<div style="background-color: lightblue; padding: 60px;">
    <h1><b>Acquire Data through Web Scraping
</b></h1>
</div>


In [3]:
import pandas as pd
import numpy as np
from bs4 import BeautifulSoup
import requests
import acquire as a

# Exercises

# 1. Codeup Blog Articles

Visit Codeup's Blog and record the urls for at least 5 distinct blog posts. For each post, you should scrape at least the post's title and content.

Encapsulate your work in a function named get_blog_articles that will return a list of dictionaries, with each dictionary representing one article.
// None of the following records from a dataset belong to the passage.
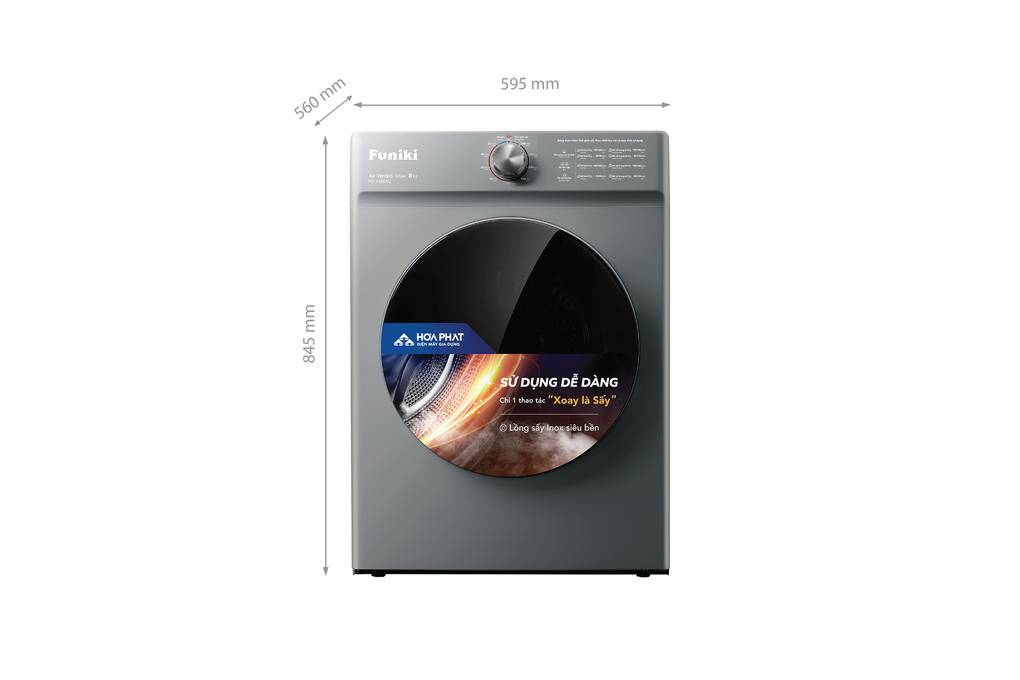 Máy sấy Funiki HD V680AG được thiết kế với dung tích lồng sấy 8kg, phù hợp với các gia đình có từ 3-5 thành viên. Với khả năng sấy khối lượng lớn trong một lần, sản phẩm giúp bạn tiết kiệm đáng kể thời gian, đặc biệt trong những ngày mưa nhiều hay khi cần sấy quần áo gấp.
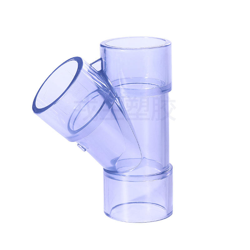 ข้อต่อท่อพีวีซีแบบใส Rongsheng รุ่น T-Connect แบบเอียง 45 องศา ชนิดเสียบภายใน รูปตัว Y สำหรับระบายน้ำ มาตรฐาน ANSI
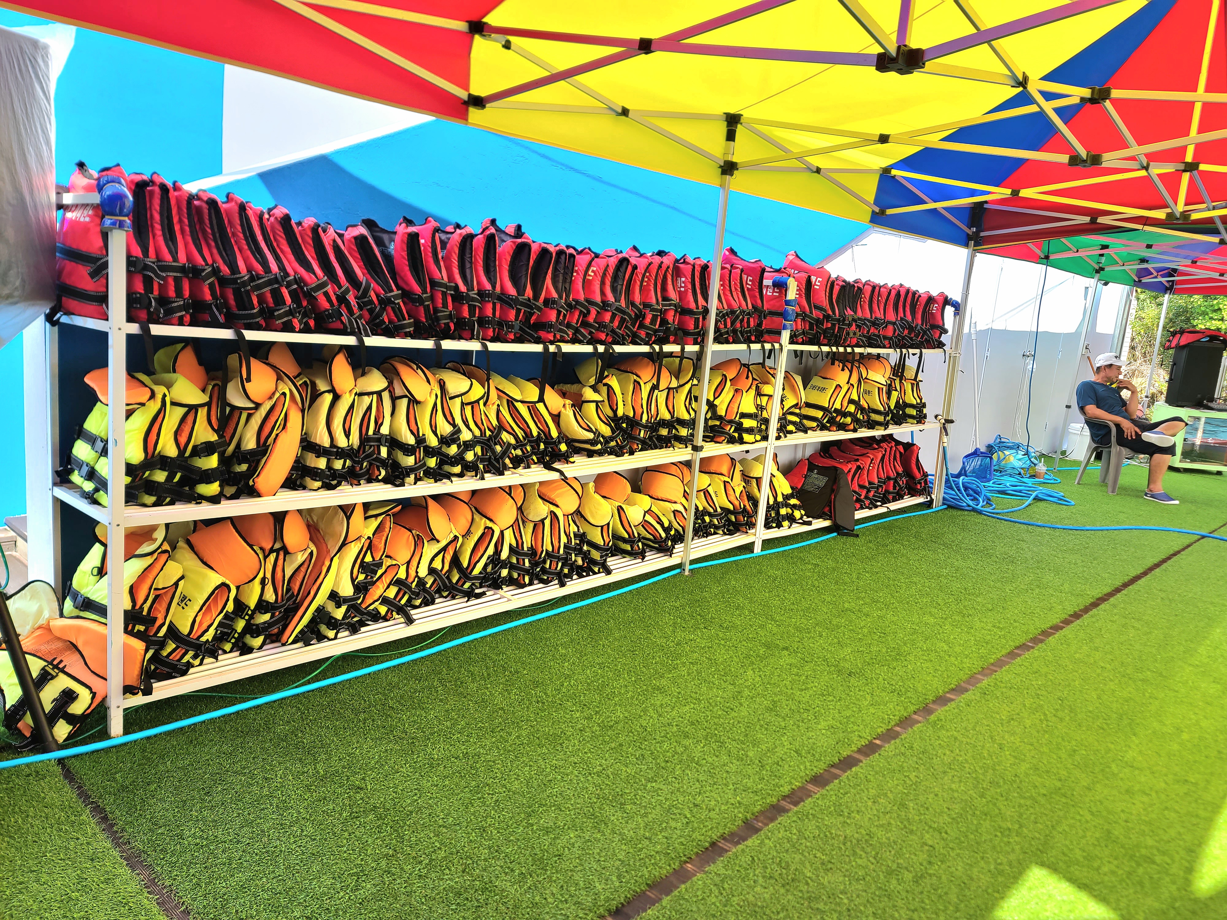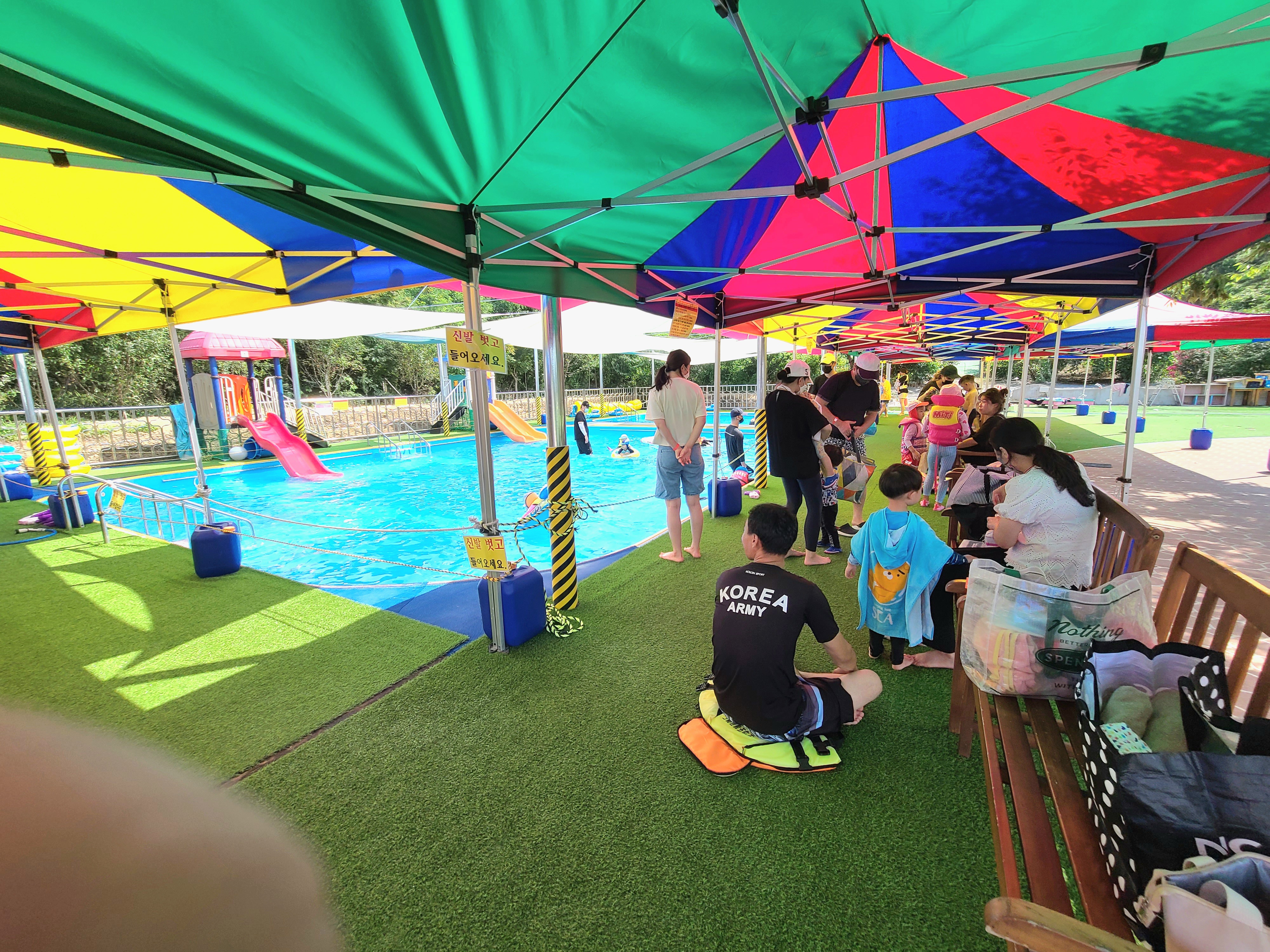 어른들 대기하는곳은 천막있고 길게 의자들놓여있어요 짐들놔두거나 풀장이 한눈에 보이고 보호자 한분이 들어가면 한분은 대기하시는 분도 많더라고요

The shape of each dictionary should look like this:


{
    'title': 'the title of the article',
    'content': 'the full text content of the article'
}

Plus any additional properties you think might be helpful.
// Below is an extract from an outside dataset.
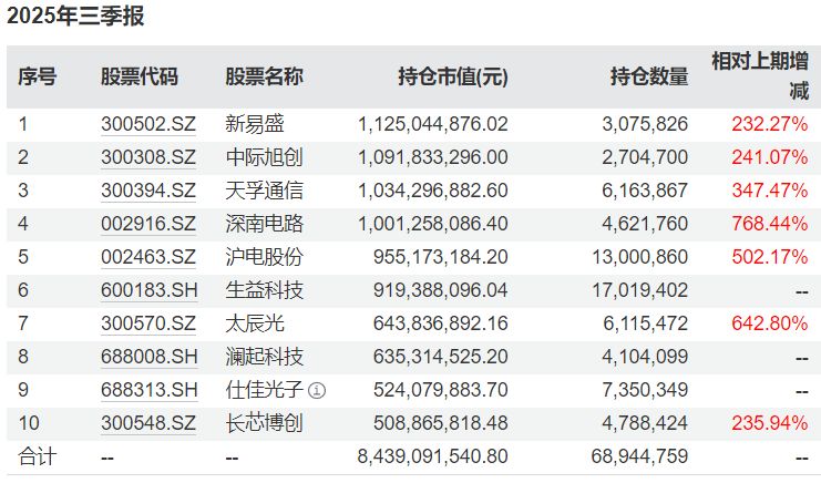 每经记者|黄小聪 每经编辑|叶峰 今日,更多基金三季报出炉,其中也包括了目前排在业绩榜第一位的永赢科技智选,记者注意到,该基金在三季度累计申购量超过了100亿份,虽然同时也有超70亿份的赎回,但整体规模依然获得大幅增长。 从持仓来看,重仓方向依然是CPO板块,个股上的主要调整是胜宏科技、工业富联、源杰科技退出前十大。 除了这只基金外,永赢旗下多只三季度新成立的产品,也出现了规模大幅增长的情况。另外,在智选系列产品的三季报中,均出现了统一的风险控制提醒。 申购超百亿份,持仓聚焦CPO 今日,永赢科技智选披露了2025年三季报,这只基金截至今年9月底,前三季度累计收益超过190%,亮眼的业绩吸引了诸多投资者的关注。 从三季度的申赎情况来看,三季度A类和C类份额累计获得超100亿份的申购,其中C类份额单季度申购超过92亿份。虽然同时也有超70亿份的赎回,但C类份额在三季度依然获得大幅增长,从期初的6.2亿份大增至期末的27.8亿份。 随着规模大增,基金经理继续加仓,从前十大重仓股来看,大部分的持仓数量都有大幅增加,主要的持仓方向依然是CPO板块。 其中比较明显的变化在于胜宏科技、工业富联、源杰科技退出前十大,生益科技、澜起科技、仕佳光子新进前十大。 多只新基金三季度规模大增 除了这只基金,永赢智选系列的其他多只基金也披露了三季报,且出现了规模大幅变化的情况。 比如永赢先锋半导体智选混合,这只今年三季度刚成立的新基金,在成立之后的半个多月时间里,C类份额就获得了超2.3亿份的申购,规模也直接增长到了2.9亿份。 而从持仓来看,该基金成立仅半个多月,股票仓位占基金总资产的比例就已经达到87.97%,可见其建仓速度还是非常快。主要配置方向是存储芯片产业链。 再看永赢新材料智选混合,三季度其规模变化同样明显,这也是一只今年三季度才刚成立的新基金,C类份额成立时不到200万份,成立后获得了超9.5亿份的申购,期末份额大幅增长到约5.89亿份。 另外,同一天成立的永赢港股通科技智选混合,成立之后仅2个多月时间,C类份额申购超16亿份,期末份额直接突破了10亿份。 统一提示风险控制 值得注意的是,尽管这些产品的基金经理不太一样,但在这些产品的三季报中,都出现了相同的风险提醒,显然是公司的统一动作。 永赢基金表示:“永赢智选系列作为工具型产品系列,所布局的行业有高成长性的特性。但不要用过去的业绩去预测未来,任何风险资产都不是只涨不跌的,要当心估值扩张周期后的均值回归。” “过去几个季度以来,我们一直和大家强调理性对待工具型产品。这一年以来,市场热度不断攀升,而越是这种时候,越是要做好投资适当性的管理,理性决策。第一,投资之前,做好风险控制。90%的风险控制都在投资动作之前,风险敞口在买入瞬间已被锁定,后续操作(如止损)仅是补救,无法改变初始决策的缺陷。通过了解基金所投行业及相关行业所处阶段,预估未来可能面对的波动幅度,从而判断产品是否适合自己。” “第二,合理配置,做好风险分散。工具型产品不可避免具有高弹性特征,需要适当分散投资,不要把资金全部押注到单一产品,从更理性、更长期的角度做好资产配置。” “第三,不试图预测市场短期涨跌。影响市场短期走势的因素比较复杂,市场也充满了不确定性,试图精准预测的难度不亚于大海捞针。短期择时往往会对账户造成负收益,对于看好的行业不妨给它更长时间,不折腾才能提高真实收益。” 封面图片来源:每日经济新闻 |

Bonus: Scrape the text of all the articles linked on codeup's blog page.



# Steps to take in order to grab articles:

Get the base blog page url
Figure out how to capture blog link articles from main blog page
Compose blog article links into a list of urls that I can interact with on an individual basis to grab blog article contents
Figure out how to grab the title and article body of a specific blog article
do all of those things in a loop, and turn it into a df

In [4]:
# base codeup blog url
base_url = 'https://codeup.edu/blog/'

In [5]:
# ping that page so I can grab the content
# we learned in the lesson that I need to suggest a user-agent
# for the codeup website to accept a requests library ping
response = requests.get(base_url, headers={'User-Agent': 'giveanythingnews'})


In [24]:
response


<Response [200]>

In [6]:
# check out the top of the content now that we have a 200 (OK)
response.text[:200]

'<!DOCTYPE html>\n<html lang="en-US">\n<head>\n\t<meta charset="UTF-8" />\n<meta http-equiv="X-UA-Compatible" content="IE=edge">\n\t<link rel="pingback" href="https://codeup.edu/xmlrpc.php" />\n\n\t<script type='

In [7]:
base_soup = BeautifulSoup(response.text, 'html.parser')

In [None]:
# proceed with getting links to my articles
# this requires page investigation!

In [None]:
# element tag of a:
# class of more-link
# hypothetically I should be able to grab these types of things
# from that page:
# find_all('a', class_='more-link')
# .select('.more-link')

In [8]:
base_soup.find_all('a', class_='more-link')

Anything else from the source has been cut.